# Well I am here



## striker711 (Nov 8, 2012)

Well today I got the final papers in the mail. I have been going through this for a year and a half. I have already posted about my situation in the past and can do it again if anyone needs it. This is not what I wanted and not where I thought I would be at 31. I will never look back and wish I could to more to save it, I did everything I could, no doubt in my mind. I am having trouble looking forward though. Any thoughts.


----------



## 2galsmom (Feb 14, 2013)

striker711 said:


> Well today I got the final papers in the mail. I have been going through this for a year and a half. I have already posted about my situation in the past and can do it again if anyone needs it. This is not what I wanted and not where I thought I would be at 31. I will never look back and wish I could to more to save it, I did everything I could, no doubt in my mind. I am having trouble looking forward though. Any thoughts.


31 is so young, you are lucky. You have the prime of your life ahead of you. You also have the gift that there is no doubt in your mind that you did all you could do to "save" it. Congratulations.


----------



## EnjoliWoman (Jul 2, 2012)

Ditto.

Probably not a lot of consolation but if there is such thing as a perfect divorce yours is it. You are old enough to know what you want and be in a good place; you are young enough to still start a family with someone without being in a rush and don't have any from your relationship that have to be integrated into a new family situation.
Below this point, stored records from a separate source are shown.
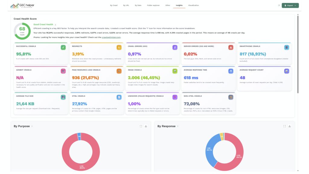 - New „Insights tab“ provides a high-level overview on the crawl health
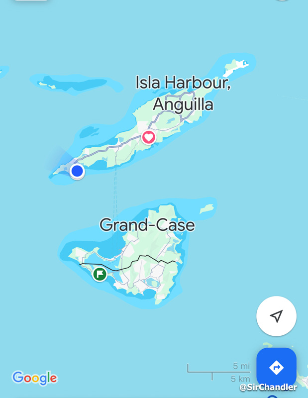 Y es tan enfrente… que se ve una desde la otra, pero no del lado del aeropuerto famoso. Es para destacar que muchos pasajeros llegan a Anguila por las conexiones aéreas de sus vecinos (St Maarten) y luego un un ferry pequeño cruzan hasta Anguila desde ahí.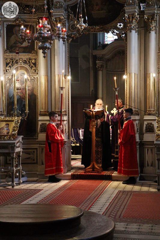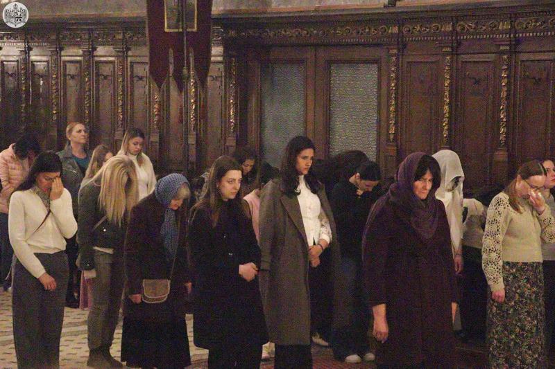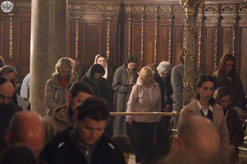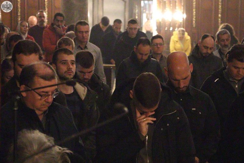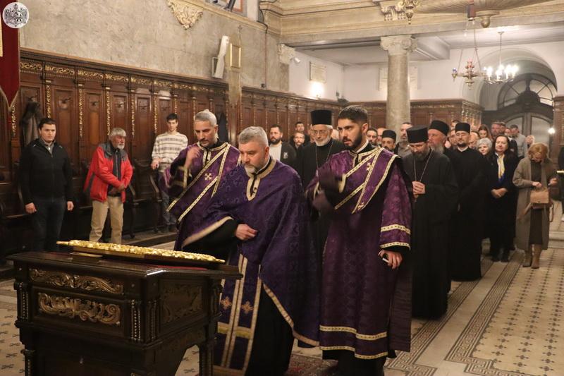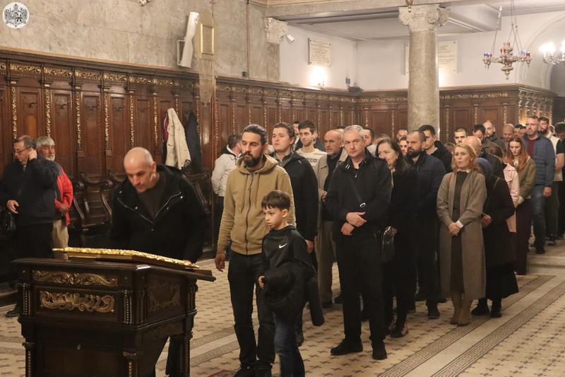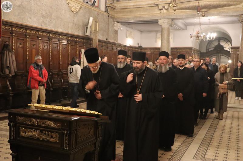 На Велики четвртак, 27. марта/9. априлa 2026. године, у Саборном храму Светог великомученика Георгија у Новом Саду служено је јутрење Великог петка, током којег је прочитано дванаест одељака из светог Јеванђеља о страдањима Господа Исуса Христа.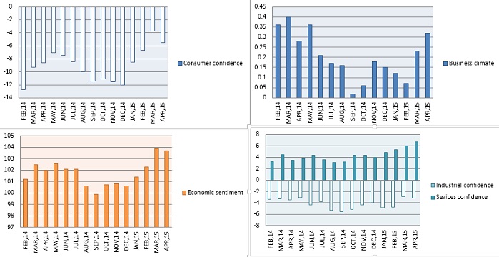 Several sentiment indicators to be released from Euro zone at 9:00 GMT, today. The data most likely to show that sentiment has improved in May in spite of ongoing Greek debt debacle.

And you can move forward with a clear conscience.


----------



## Jellybeans (Mar 8, 2011)

striker711 said:


> Well today I got the final papers in the mail. I have been going through this for a year and a half. I have already posted about my situation in the past and can do it again if anyone needs it. This is not what I wanted and not where I thought I would be at 31. I will never look back and wish I could to more to save it, I did everything I could, no doubt in my mind. I am having trouble looking forward though. Any thoughts.


2gals and Enjoli are spot on. My situation was a lot like yours. Got divorced two yrs ago at 30, no kids, tried to work it out, no dice.

It DOES get better. You WILL feel better.

Try to make some goals for yourself, things you want to do, places you want to see, pick up a new hobby, see old friends, visit your family, try a new restaurant, exercise.

Oh and...

Be KIND to yourself. 

The pain lessens with time.

Promise.


----------



## COguy (Dec 1, 2011)

It could be a lot worse. You could have married a crazy b*tch, and she used your kids as bait to eff with you for the next 15 years.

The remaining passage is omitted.